IQ was estimated using the four-subtest form of the Wechsler Abbreviated Scale of Intelligence (Wechsler, 1999; WASI). Estimates of Verbal IQ (Vocabulary and Similarities) and Performance (Block Design and Matrix Reasoning) were combined to create a Full Scale IQ score (FSIQ).

Global Functioning.

The Children’s Global Assessment Scale (CGAS) was used as a global measure of functioning. Clinician-based scores range from 0–100 and scores above 70 are typically considered to be in the normal range (Shaffer et al., 1983). Inter-rater and test-retest reliability as well as concurrent and construct validity have been demonstrated (Bird et al., 1990, 1987; Green et al., 1994).

Subjective Sleep Quality.

To measure subjective sleep quality on the night of PSG monitoring, participants completed a brief questionnaire in the morning regarding their sleep. The question, “How well did you sleep last night?” was used as a measure of subjective sleep quality, rated on a scale from 1 to 3 (from poorly to great).

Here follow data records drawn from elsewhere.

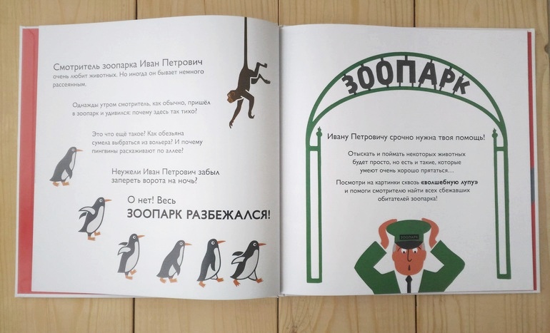 На каждом развороте дается мини-легенда о том, как звери попали в ту или иную обстановку, и задание по отлову сбежавших: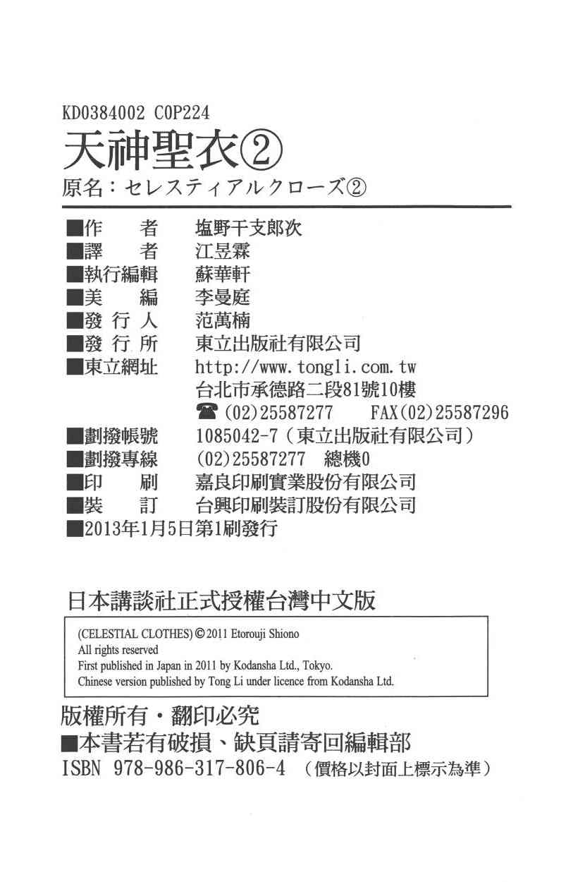《天神圣衣》目錄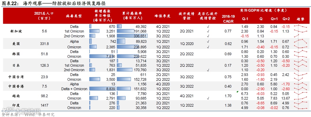 整体而言,从海外主要经济体疫情政策调整后的经济复苏进程来看,在奥密克戎疫情感染高峰之后,各国GDP增速均较疫情高峰的低点出现1-2个季度的环比快速回升,显示在疫情管控限制放开后的经济自身动能的较快恢复。(图表22)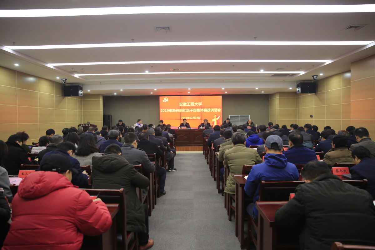 12月19日下午,学校在图书综合楼202会议室召开新任职处级干部集体廉政谈话会,校党政领导班子成员出席会议。全体处级干部参加会议。会议由校党委副书记苏国红主持。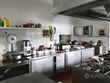 La cucina di 70 mq è completamente attrezzata con forni professionali e celle frigorifere.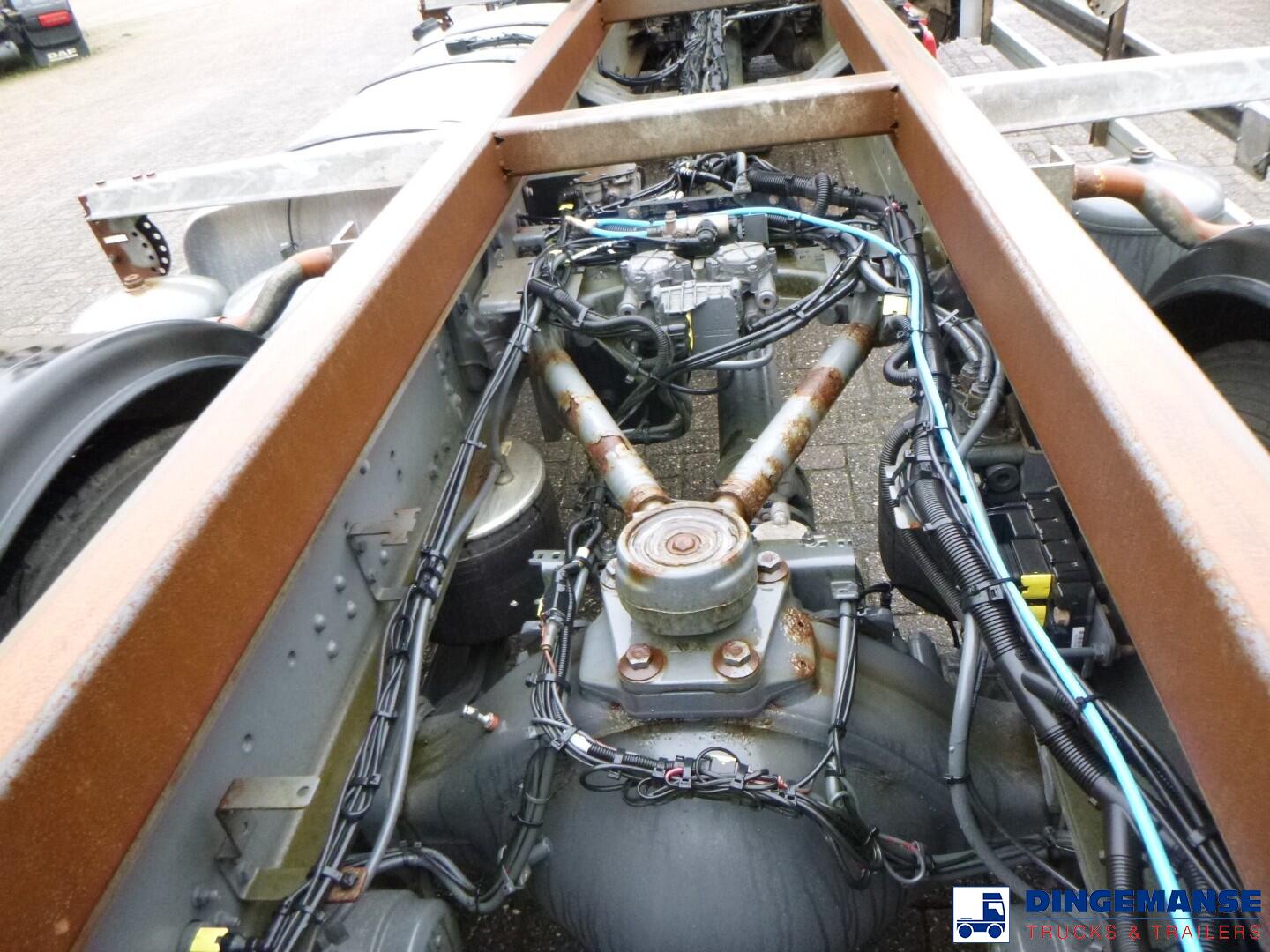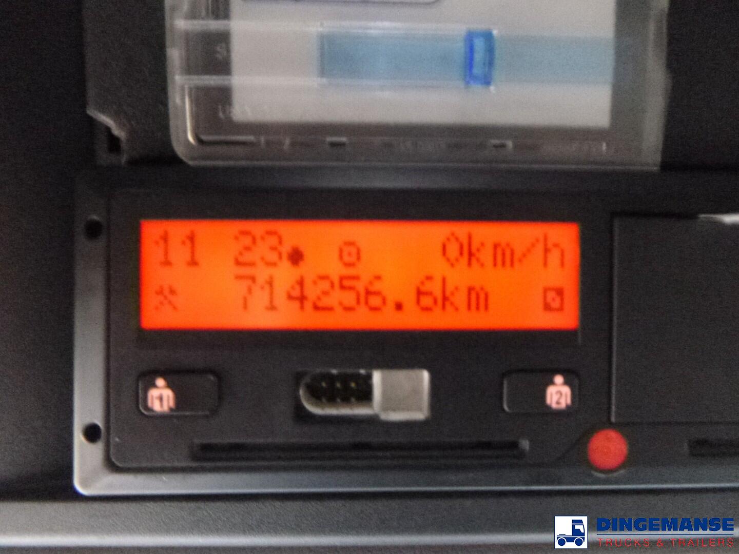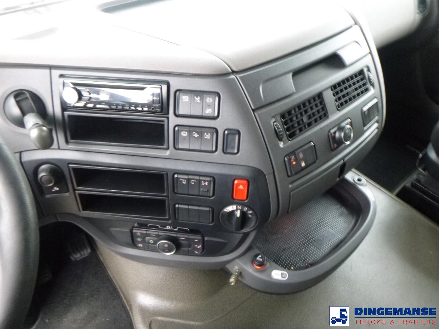 Truck 4x2, Euro 6, Adblue, Automatic gearbox, Diff lock, Retarder, Air front suspension, Air rear suspension, Lemasson superstructure for 20 ft. containers, Pommier hitch, Lowerable bumper, Sleep cabin, 2 beds, Airconditioning, Night heater, Digital tachograph, Truck lenght 1025 cm // Krone trailer for 20 ft. containers, Hitch height 35 cm, Air suspension, Disc brakes, BPW axles, ABS, Trailer lenght + connection bar 950 cm // Total shipment dimensions 1840x250x360 cm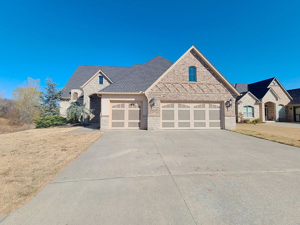 This home has a whole lot of space, all on one floor and an incredibly unique layout. Living area is completely open to kitchen and dining for the open concept feel. Hardwood flooring in living area with soaring ceilings and tons of natural light. Kitchen features large island, super big walk-in pantry and upgraded stainless steel appliances. Study just off front of home with french doors and some built-ins. Most unique Bonus area you will see. Bonus Room opens to the three spare beds and two full baths for the most true mother in law plan you've ever seen. Primary Bedroom has large bath including whirlpool tub, large standing shower and huge walk-in closet. Every bedroom in this home has access to a full bathroom. Large utility area as well and grand entrances. Cool backyard with covered patio and fireplace. Three car garage with storm shelter. Easy walking distance to Elementary school. Reach out for your private viewing today!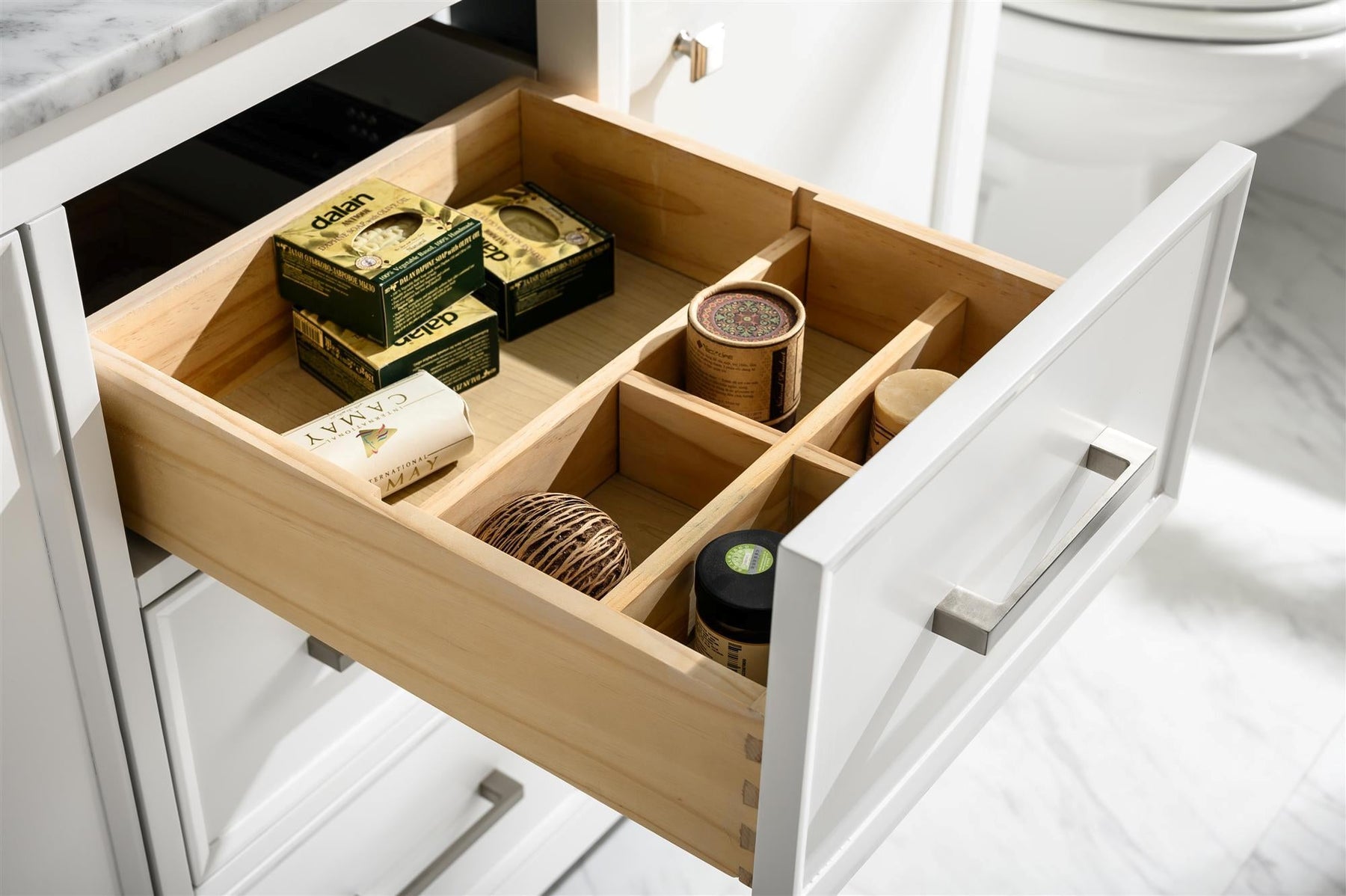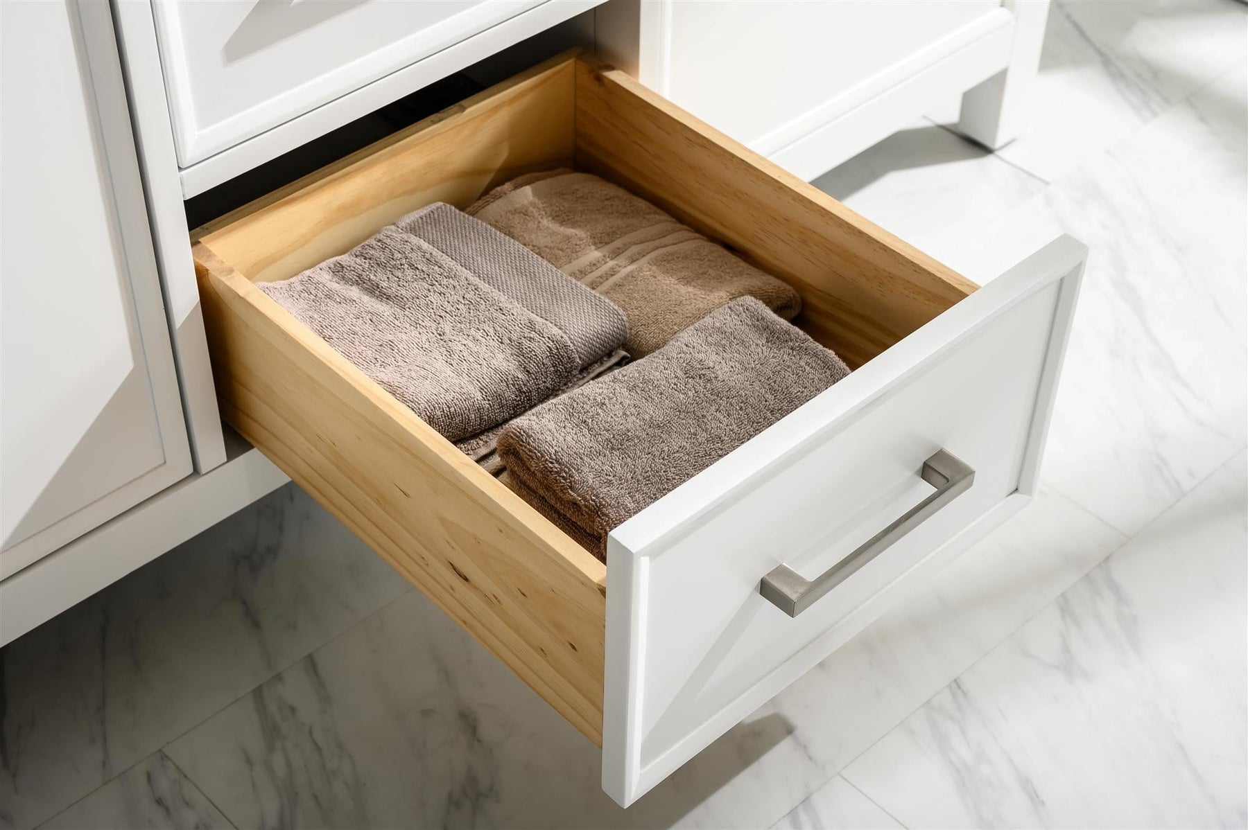 The WLF2154 Series of vanities from Legion Furniture is the unique piece your bath must have. The clean lines of this design is at home in any bath. A white Carrara marble top caps this vanity. Three drawers and two large doors with soft closing hardware maximize storage. We are your vanity cabinet experts.

Anxiety and Worry Severity.

Child anxiety severity was assessed using the Screen for Child Anxiety Related Disorders (SCARED; Birmaher et al. 1999). This 41-item scale assesses symptoms of panic, GAD, separation anxiety, social phobia, and school phobia based on DSM classifications. Participants report how true each item has been over the past 3 months. Items are measured on a 3-point Likert scale from 0 (not true or hardly every true) to 2 (very true or often true). Ratings were summed to create a SCARED total score, with higher scores indicating greater anxiety. The SCARED has been shown to have good internal consistency, and adequately discriminates anxiety from other psychiatric conditions (Birmaher et al., 1999).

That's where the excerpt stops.